The DSA and Jacobin cover up and support Syriza because, if anything, their own policies would be to the right of those of Syriza during its time in power from 2015 to 2019. This is not a matter of speculation. DSA members voted to illegalize a rail strike last year, and the DSA wholeheartedly supports the US-NATO war against Russia over Ukraine.

Corbyn in the UK, Sanders in the US, the Left Party in Germany, Mélenchon in France and innumerable variants throughout the world are factions of the political establishment, promoted and supported by organizations that represent not the working class, but the privileged upper-middle class. Their pro-capitalist policies are not a mistake, but the product of the social forces that they represent. As with Syriza, they serve only to strengthen the political right.

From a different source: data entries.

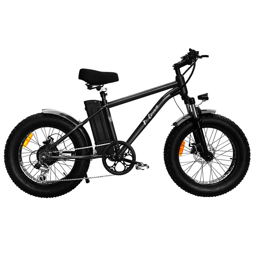 Introducing the Daymak Coyote fat tire electric bicycle, offering great value. With a 350W motor, it's suitable for bike paths and trails. The oversized 20 x 4 inch tires ensure comfort on and off the road. You can conveniently charge the removable lithium-ion battery in or out of the bike.
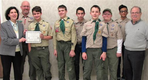 Boy Scout Troop 59. Pictured (from left to right) are: Mayor Janice S. Mironov; John O'Brien, Group Leader; Dayne Wolfe; Aidan Sharpe; Zach Hupfl; Brendan Reiss; NicholasSeminerio ; Chirayu Gupta, and Gary Fournier, Clean Communities Committee Vice Chairperson. -
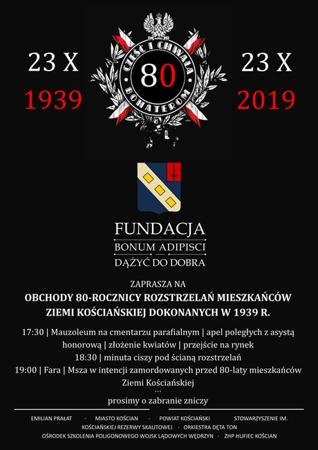 23 października roku mija 80. rocznica rozstrzelań mieszkańców Ziemi Kościańskiej, jakich dokonano na kościańskim Rynku. Właśnie tego dnia Fundacja Bonum Adipisci – Dążyć do Dobra, zaprasza na uroczystości rocznicowe.
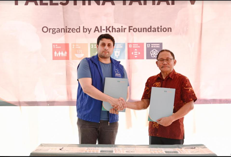 Serah terima bantuan Palestina tahap V dilakukan di Rumah Qur’an BSI (Bina Santri Indonesia) Parung, pada Rabu (19/06) yang dihadiri oleh Direktur Al-Khair Foundation Southeast Asia, Mohab Alamawi; Sekretaris Al-Khair Foundation Southeast Asia, Desi Astuti; Direktur Eksekutif BSI Maslahat, Sukoriyanto Saputro; Direktur Program Care & Humanity BSI Maslahat, Ilham Syahputra.
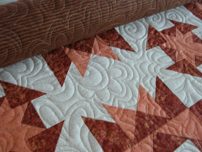 My Job: Sandwich all three layers with my free motion stitching. You can see here that I used my "freeform feather" design on this quilt.
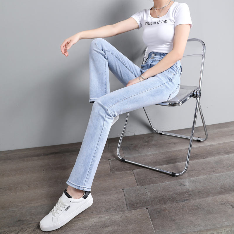 高个子 高腰烟管加长裤 浅蓝色牛仔裤 女小直筒宽松显瘦2024春秋新款
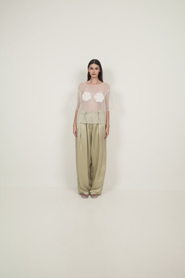 A relaxed satin pant featuring a fluid, wide-leg silhouette and soft elasticated waistband, allowing the fabric to fall naturally with movement, pair back with the Sheer Bloom Top.
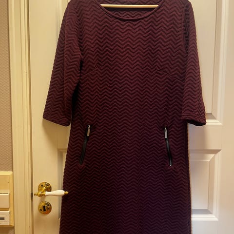 Fransa kjole i størrelse M. Kjolen er blå med mønster og har et rett, enkelt snitt. Den har ermer som rekker omtrent til albuen og rund hals. Materialet er bomull, som gir et mykt og behagelig plagg egnet til hverdagsbruk. Passer til bruk alene eller sammen med strømpebukse eller leggings.
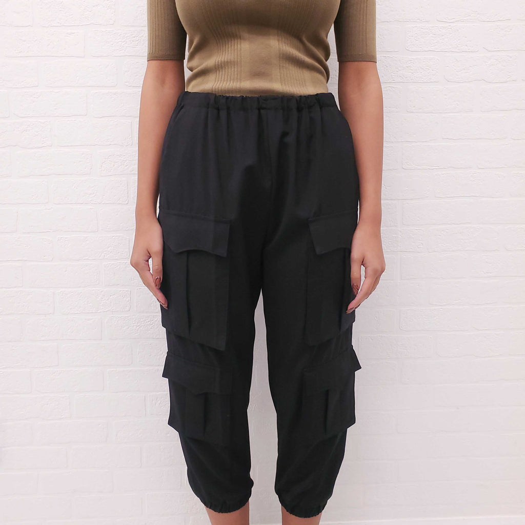 PRADA BLACK CROPPED CARGO PANTS - SIZE 42
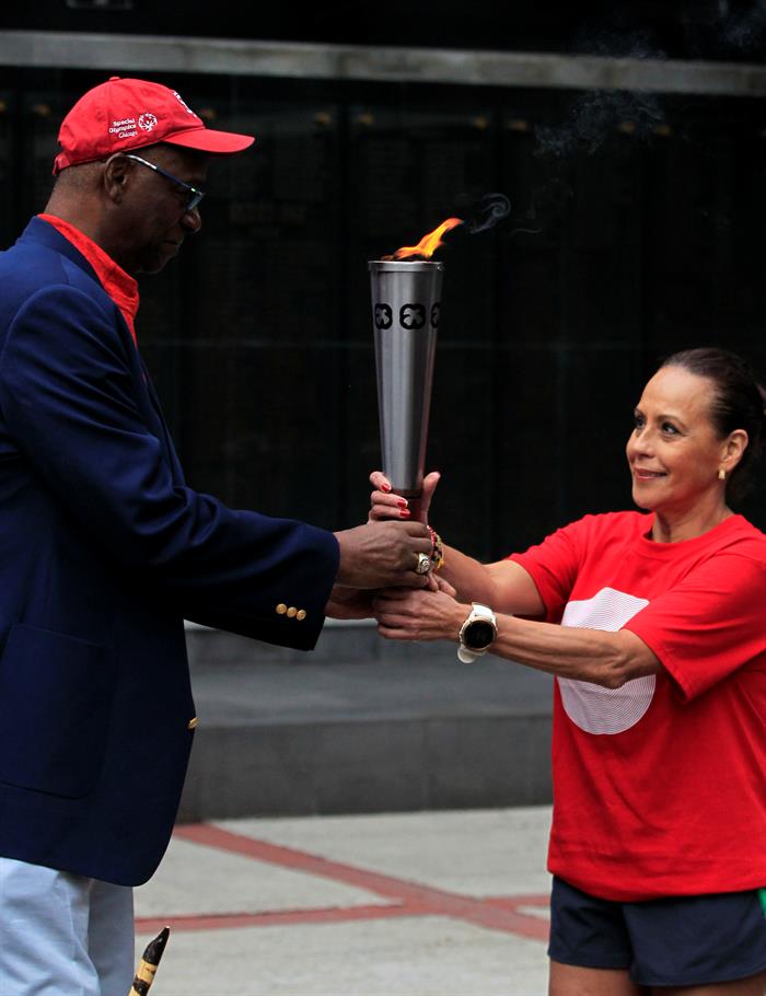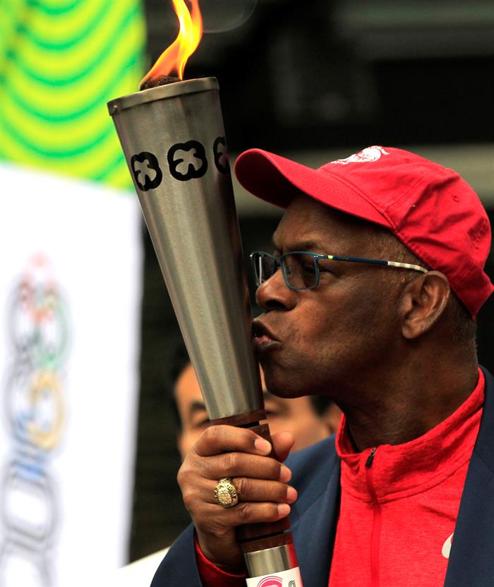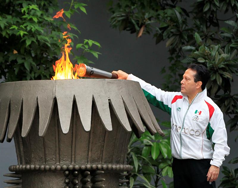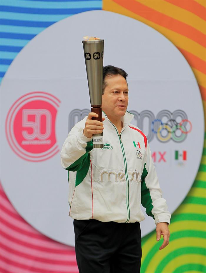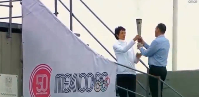 Una vez arriba otorgó a Horacio de la Vega, director del Instituto del Deporte de la Ciudad de México y finalmente la llama llegó a manos de “Queta” Basilio para redondear esta histórica ceremonia.
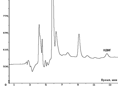 В таблице 6 представлены основные параметры хроматографического определения НДМГ с использованием 100 и 150 мМ ацетата аммония. Из данных таблицы 6 видно, что 100 мМ раствор ацетата аммония обеспечивает больший коэффициент емкости по НДМГ, и такой состав подвижной фазы предпочтительно использовать для более эффективного разделения компонентов пробы.
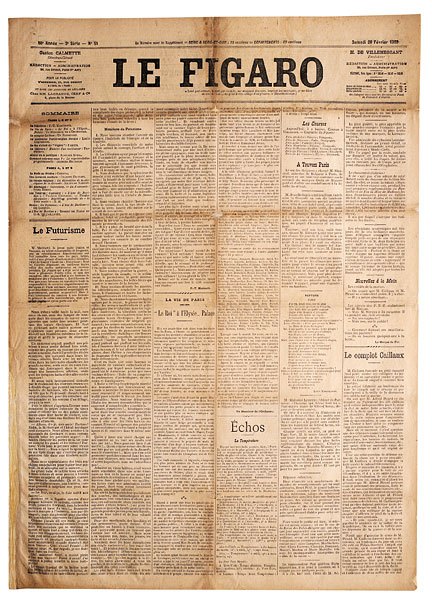 1909년 파리의 <르 피가로>지에는 매우 도발적인 <미래주의 선언>이 발표되었다. [그림 1] 욕설과 기괴한 일화로 시작되는 이 선언문의 작성자는 시인이자 극작가로 활동했던 필리포 마리네티(Filippo Tommaso Marinetti, 1876–1944)였다. 그는 교통사고를 깨달음의 순간으로 묘사하고, 공장의 배수구와 구정물을 신처럼 찬미했다. 그 글은 낡은 현실을 분개하는 외침이자 정치적인 선동이었다.

There is a growing mass movement of workers and young people throughout the world, the product of extreme levels of social inequality, the consequences of escalating imperialist wars, the growth of fascism and dictatorship, the impact of the pandemic, and all the manifestations of capitalist crisis.

The development of a genuine socialist movement in the working class, however, is not an automatic process. It requires the building of a Trotskyist party, whose cadre are educated on the basis of the lessons of history. A central element of this education is training workers and youth to expose and oppose, relentlessly and without compromise, the pseudo-left. This is the real lesson from the experience of Syriza in Greece.